Menjadi Indonesia selaku bangsa yang lahir dari rahim sejarah panjang dengan segala fluktuasi dan dilematika baik sosial, budaya, agama, politik dan hal-hal yang membungkusnya selalu menjadi cindera mata tersendiri. Kehadiran kata Indonesia bukan datang dari ruang hampa turut membentuk karakteristik bangsa Indonesia.

Mengulas sedikit soal sejarah, bagaimana dulu anismisme dan dinamisme telah menjadi agama purba nusantara yang hadir lebih awal dari agama yang lain yang saat kini kita bisa saksikan dan lihat. Dengan kata lain perjalanan pendewasaan bangsa Indonesia juga sejatinya tak terlepas dari sendi-sendi agama yang menjadi pelajaran dan falsafah hidup.
Perjalanan bangsa Indonesia dalam menemukan bentuk falsafahnya dalam konsepsi bernegara tak terlepas dari apa yang sering disebut sebagai agama.

Agama, bagi bangsa Indonesia menjadi bahan bakar tersendiri guna membentuk satu karakteristik yang bernilai istimewa sebagai kekayaan yang jarang dimiliki bangsa lain. Bagaimana di Indonesia kendati msyarakatnya berbeda agama namun masih tetap rukun dalam berlaku sosial berlandaskan satu prinsip yang sering kita sebut sebagai Bhineka Tunggal Ika.
Bergeser dari hal tersebut, saat ini kita tengah melewati dua momentum unik yang bertepatan pada hari yang juga berdempetan. Bagaimana 30 september sebagai flashback memori bangsa Indonesia atas tragedi yang dipantik oleh PKI, dan juga 1 oktober sebagai hari kesaktian pancasila.

Pada tulisan ini, hemat penulis bukan untuk mengulas kedua soal tersebut tapi lebih kepada bagaimana menanyakan ulang soal pancasila, tentu ada pertanyaan mengapa saya pancasila? dan pertanyaan mendasar mengapa pancasila mampu diterima bangsa Indonesia? yang multikultural, multietnik, multibahasa dan memiliki agama yang heterogen.

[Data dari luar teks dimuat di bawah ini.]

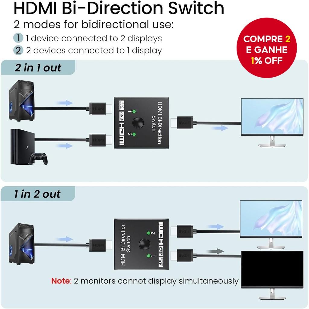 Novo Divisor HDMI Bi-Direcional 4K 1 Entrada 2 Saídas Suporte Ultra HD 4K 3D HDR HDCP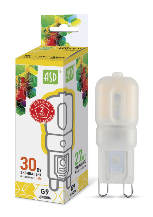 Лампа светодиодная LED-JCD-standard 3Вт капсульная 3000К тепл. бел. G9 270лм 160-260В ASD 4690612003764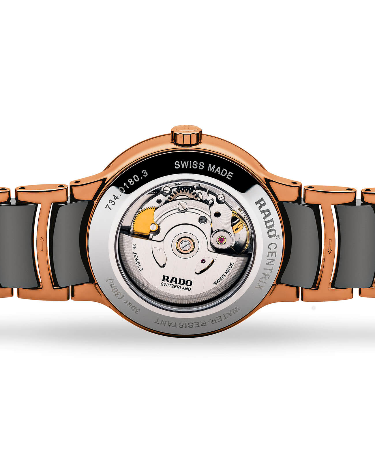 Наручные часы премиальной категории объединяют безупречность стиля и высокую точность хода, позволяя чувствовать себя на высоте в любой ситуации. Привлекательно выглядит сочетание нержавеющей стали 316L с цветным PVD-покрытиемPVDУльтратонкое покрытие наносится в технике вакуумного напыления, сочетает в себе нитрид титана особой прочности со слоем золота или оксида хрома. Несёт в себе декоративную или защитную функцию. и высокотехнологичной керамикиВысокотехнологичная керамикаИнновационный запатентованный Rado материал с гладкой или матовой поверхностью. Керамика за счёт кристаллической структуры обладает повышенной устойчивостью от возникновения царапин. Материал способен принимать температуру тела человека, обеспечивая невероятный комфорт при ношении., такое решение нашло воплощение в браслете. Модель оснащена автоматическим механизмом ETA C07.611, сохраняющим 80-часовой запас хода. Прозрачная задняя крышка. Стекло из сапфира. Индикация числа. Диаметр корпуса: 38 мм.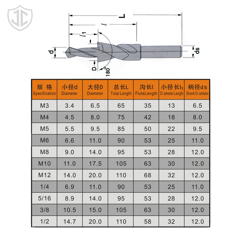 High speed steel sink head drill Second stage sack drill full grinding cobalt steel steel steel steel steel mill M3 - M12

Sebagai bangsa ber-agama, pancasila tentu bukan agama, tapi mengapa pula hadirnya pancasila di Indonesia yang dirumuskan atas pemikiran para founding fathers mampu diterima oleh semua agama, pun menjadi pertanyaan selanjutnya yang perlu direnungkan.
Jawaban paling mendasar adalah karena pancasila meskipun bukan agama namun mengandung nilai universal agama sehingga lahirnya pancasila mampu diterima semua agama. Pancasila juga mengandung nilai luhur falsafah hidup bangsa yang darinya mampu diterima semua golongan dari berbagai dimensi sosial masyarakat.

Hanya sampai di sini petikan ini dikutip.